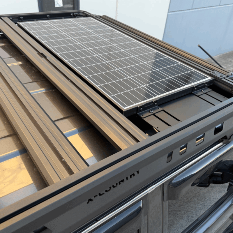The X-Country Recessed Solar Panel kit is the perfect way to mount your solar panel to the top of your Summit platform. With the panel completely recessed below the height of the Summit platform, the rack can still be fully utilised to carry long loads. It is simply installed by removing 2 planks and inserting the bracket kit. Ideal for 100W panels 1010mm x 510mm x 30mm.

------------------------------------

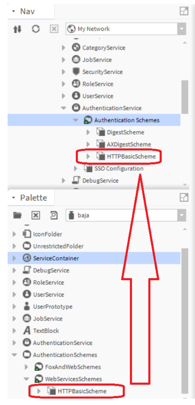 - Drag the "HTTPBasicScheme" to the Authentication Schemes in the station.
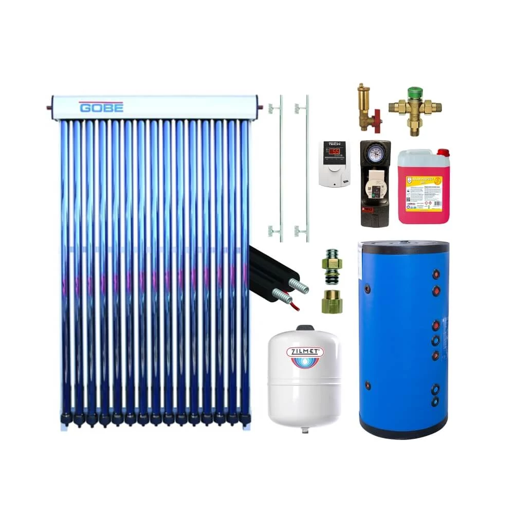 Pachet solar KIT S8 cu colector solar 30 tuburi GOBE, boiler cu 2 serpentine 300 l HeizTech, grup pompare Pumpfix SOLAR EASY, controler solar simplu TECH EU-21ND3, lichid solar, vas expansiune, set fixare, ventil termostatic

------------------------------------

THE PROBLEM: Reproduce the data above exactly, but only from the line containing "in the station." through the line containing "Pachet solar KIT"; skip the pictures.

RESULT OF THIS EXERCISE:
 - Drag the "HTTPBasicScheme" to the Authentication Schemes in the station.
 Pachet solar KIT S8 cu colector solar 30 tuburi GOBE, boiler cu 2 serpentine 300 l HeizTech, grup pompare Pumpfix SOLAR EASY, controler solar simplu TECH EU-21ND3, lichid solar, vas expansiune, set fixare, ventil termostatic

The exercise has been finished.